Two sources of duplicate reads can be found:

  • PCR duplication in which library fragments have been over-represented due to biased PCR enrichment

    It is a concern because PCR duplicates misrepresent the true proportion of sequences in the input.

  • Truly over-represented sequences such as very abundant transcripts in an RNA-Seq library or in amplicon data (like this sample)

    It is an expected case and not of concern because it does faithfully represent the input.

FastQC counts the degree of duplication for every sequence in a library and creates a plot showing the relative number of sequences with different degrees of duplication.

For whole genome shotgun data it is expected that nearly 100% of your reads will be unique (appearing only 1 time in the sequence data).

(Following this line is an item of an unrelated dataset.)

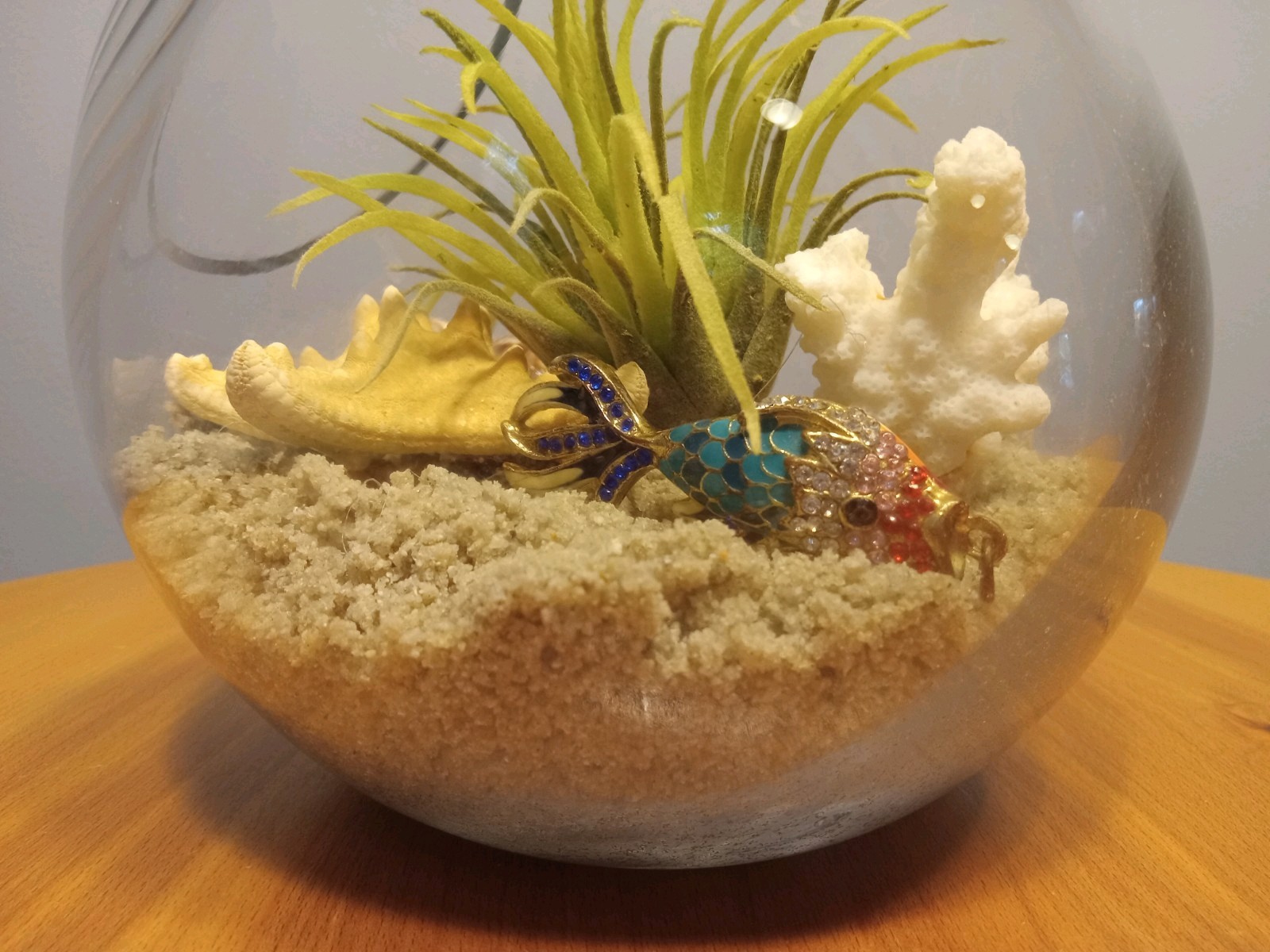 Enhance your space with the Round Clear Glass Decorative Tillandsia Terrarium, a chic and modern addition that brings a touch of greenery to any room. Crafted from high-quality glass, this terrarium showcases your favorite Tillandsia plants in a contemporary, artificial form that maintains their beauty without the need for watering or maintenance. Measuring at 6 inches in height and 5 inches in width, 2.6 lbs weight this houseplant arrangement is versatile for a variety of settings, from your home office to your living room. It's suitable for all occasions and does not require any personalization.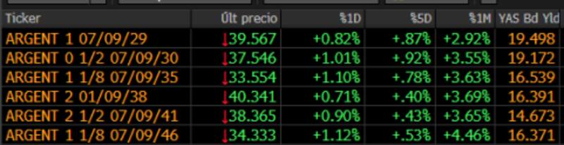 Entre los títulos emitidos bajo jurisdicción extranjera, el alza más importante la ostentó el GD46, que ganó 1,12%, seguido por el GD35 (1,1%) y el GD30 (1,01 por ciento).

Most sequences should fall into the far left of the plot in both the red and blue lines. This indicates a highly diverse library that was not over sequenced. If the sequencing depth is extremely high (e.g. 100x the size of the genome) some inevitable sequence duplication can appear: there are in theory only a finite number of completely unique sequence reads which can be obtained from any given input DNA sample.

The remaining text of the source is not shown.